The case study of SDDP in primary hypertension shows that various interacting trade-offs can be present in SDDP modelling. Firstly, the trade-off between the computational complexity and model validity was found in the underlying evaluation model. If the model considers more health states, treatment options and drug switching period and applies more complex transition rules considering the patient’s medical history, it potentially improves the model validity, but requires more time and effort to collect data and to build and evaluate the model. In contrast, if the underlying evaluation model is simple, it saves computational time and effort, but may miss something necessary for decision-making in SDDP. In the hypertension SDDP model, for example, drug switching was only considered for a limited period, which was four periods in the base-case. The uncertainty related to the drug switching period was assessed in sensitivity analysis. Although the optimal solution was now much different depending on the drug switching period, the sensitivity analysis indicated that the computational complexity increased considerably where the drug switching period was increased. Thus, it is important to improve the external model validity but also to keep such a large and complex model manageable where a large and complex problem is given like SDDP.
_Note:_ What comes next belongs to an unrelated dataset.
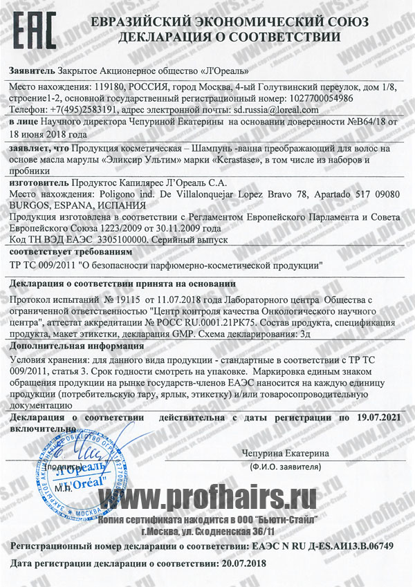 Нанести необходимое количество шампуня на влажные волосы. Вспенить, затем тщательно смыть водой. Для максимального результата, используйте также маску из серии Elixir Ultime.

The trade-off between the computational complexity and model validity is also associated with the trade-off between the optimisation model and the underlying evaluation model. Given a limited time, increased computational time in the underlying evaluation model leaves less time to spend on the optimisation model. In particular, where a meta-heuristic is used, there is an implicit trade-off between the amount of search time and the quality of the solution. Where the search time was shorter (i.e., where fast cooling schedule was applied for SA and where the smaller number was selected as the population size for GA), it was more likely to trap at a local optimum. Therefore, the key parameters related to the diversification and intensification of meta-heuristics should be tuned through prior tests.

The hypertension SDDP model is a novel cost-effectiveness model, which involves clinically plausible drug switching rules for treatment success/failure, maintenance and contraindication. It also made a contribution by introducing a new type of dynamic and stochastic optimisation approach that applies approximate optimisation techniques to solve large and complex decision problems in HTA. In particular, methods to reduce the decision space and to efficiently solve large decision problems are promising research areas as more capable but complex modelling methods are introduced in HTA. Future research in developing the underlying evaluation model using individual-based models such as DES, improvements of heuristic algorithms and generating clinical data relevant to SDDPs will help to deal with the limitations of the current study and support better informed decision-making for SDDPs in HTA.